Long-lived assets include property, plant and equipment as well as intangible
assets including unamortized patent costs.  Property, plant and equipment
information is based on the physical location of the asset and the end of each
fiscal period while the intangibles are based on the location of the owning
entity.

     Revenues from unaffiliated customers by geographic region were as follows
(in thousands):

<TABLE>
<CAPTION>
                        Ten months
                             ended
                          March 31,         Year ended May 31,
                        ----------          ------------------
                              1999          1998          1997
                              ----          ----          ----
<S>                     <C>              <C>            <C>
United States...           $ 7,535       $ 8,163        $3,293
Japan and Asia..            20,502         6,620           443
Europe..........             1,327           729           408
Canada..........               300           235           383
                           -------       -------        ------
                           $29,664       $15,747        $4,527
                           =======       =======        ======
</TABLE>

                                     -38-
<PAGE>

                        GENESIS MICROCHIP INCORPORATED
            NOTES TO CONSOLIDATED FINANCIAL STATEMENTS (CONTINUED)

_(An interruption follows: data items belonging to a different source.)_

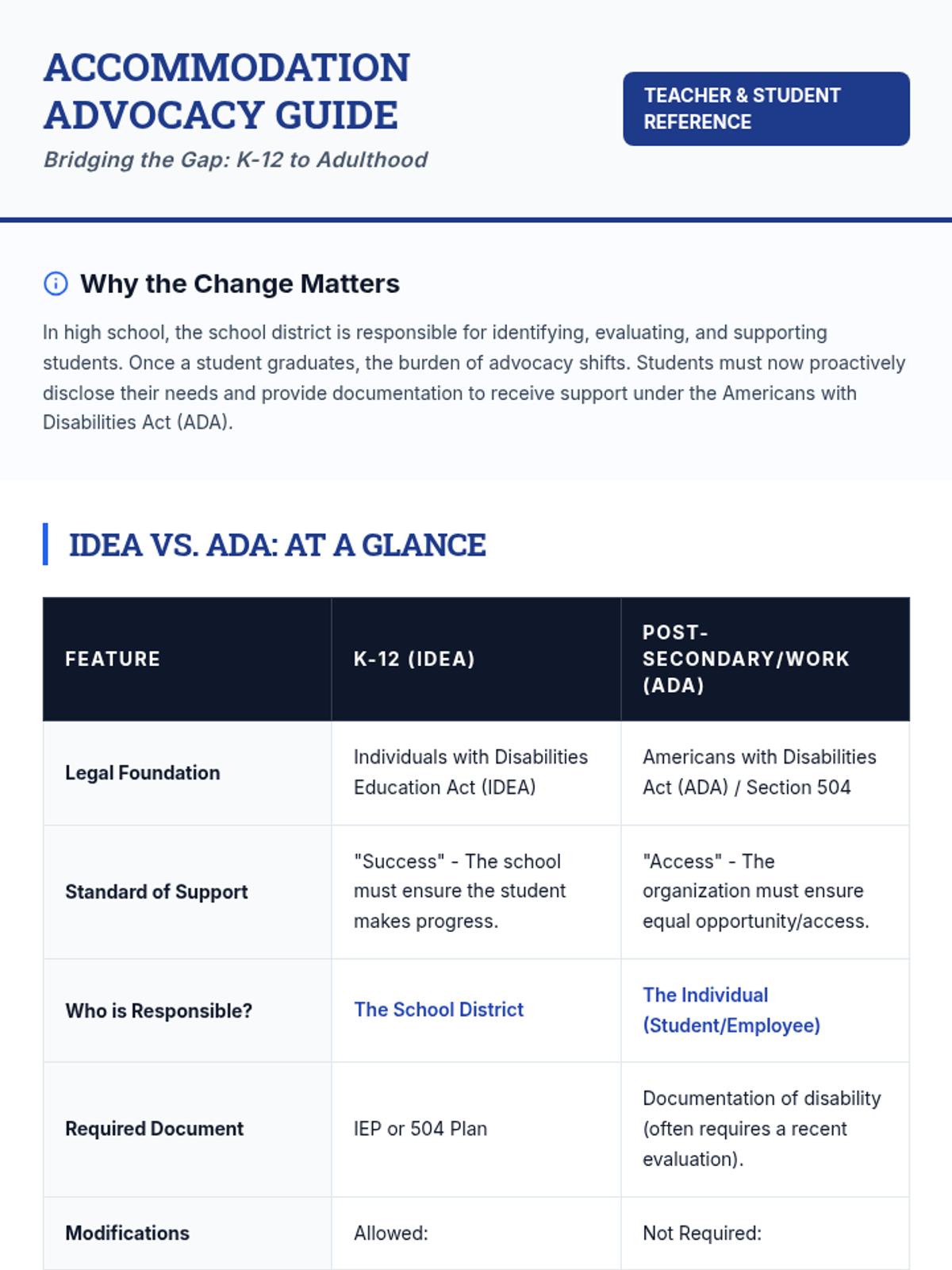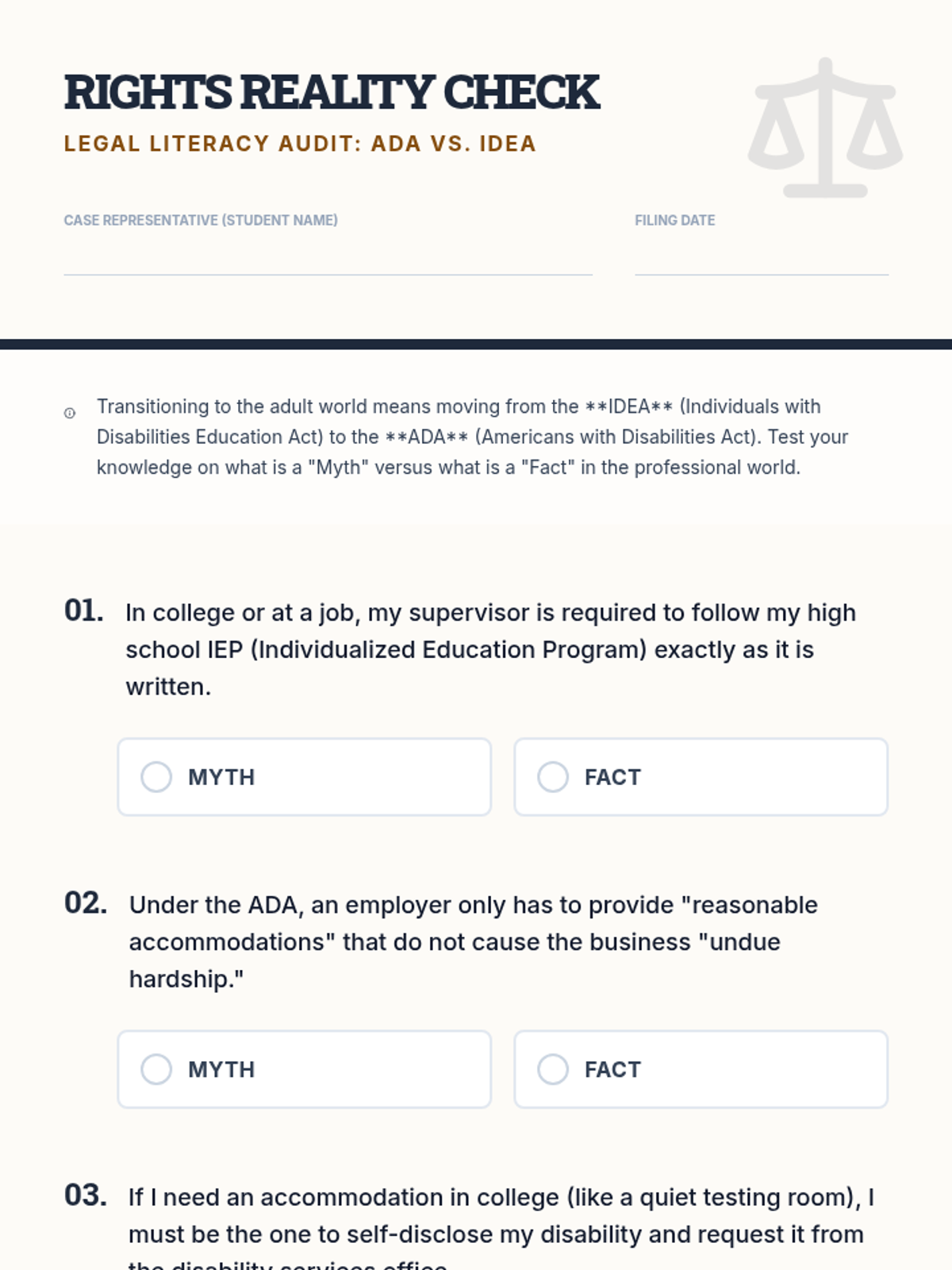 Students transition from K-12 IDEA protections to ADA rights in the adult world, researching how to request reasonable accommodations in college and the workplace.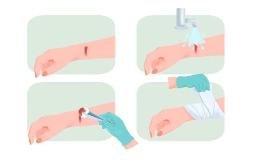 ◆ 伤口持续出血,要用干净毛巾或消毒纱布覆盖伤处,压迫10~20分钟止血,之后用绷带加压包扎,视情况去医院处理。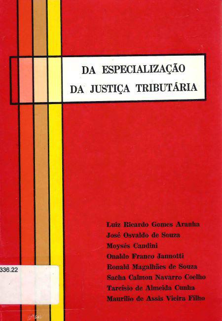 |  | Aranha, Luiz Ricardo Gomes et. al. Candini, Moysés. Jannotti, Onaldo Franco. Côelho, Sacha Calmon Navarro. Cunha, Tarcísio de Almeida. Souza, José Osvaldo de. Souza, Ronald Magalhães de. Vieira Filho, Maurílio de Assis. Da especialização da justiça tributária . Belo Horizonte: Secretaria de Estado da Fazenda de Minas Gerais, Procuradoria Fiscal, 1974. 165 p. |

Net long-lived assets by country were as follows (in thousands):

<TABLE>
<CAPTION>
                    March 31, 1999     May 31, 1998
                    --------------     ------------
<S>                 <C>                <C>
United States..             $  146           $   96
Canada.........              2,580            1,984
                            ------           ------
                            $2,726           $2,080
                            ======           ======
</TABLE>

     For the ten months ended March 31, 1999, two customers accounted for 20%
and 10% of total revenues, respectively. For the year ended May 31, 1998, two
customers accounted for 24% and 23% of total revenues, respectively. For the
year ended May 31, 1997, one customer accounted for 14% of total revenues. At
March 31, 1999, one customer represented 25% of accounts receivable trade, and
at May 31, 1998, one customer represented 12% of accounts receivable trade.

13.  Subsequent event

     On May 28, 1999, Genesis issued 3,967,000 common shares for all the
outstanding common stock, preference stock and warrants of Paradise Electronics,
Inc. ("Paradise").  Paradise designs, develops and markets analog and digital
mixed-signal integrated circuits for controlling flat panel monitors.  In
addition, Genesis assumed all the existing outstanding stock options of
Paradise.  The full exercise of these stock options would result in an
additional issue of 533,000 common shares of Genesis.  This business combination
will be accounted for as a pooling-of-interests combination and, accordingly,
Genesis' historical consolidated financial statements presented in future
reports will be restated to include the accounts and results of operations of
Paradise.

     The following unaudited pro forma data summarizes the combined results of
operations of Genesis and Paradise as if the combination had been consummated on
March 31, 1999 (amounts in thousands, except per share data):

<TABLE>
<CAPTION>
                                            Ten months
                                                 ended
                                             March 31,   Year ended May 31,
                                            ----------  --------------------
                                                  1999       1998      1997
                                                 -----       ----      ----
<S>                                         <C>         <C>         <C>
Revenues..................................     $37,738    $15,988   $ 4,527
Net income (loss).........................       2,075       (455)   (5,993)
Earnings per share:
  Basic...................................        0.12      (0.04)    (0.63)
  Diluted.................................        0.11      (0.04)    (0.63)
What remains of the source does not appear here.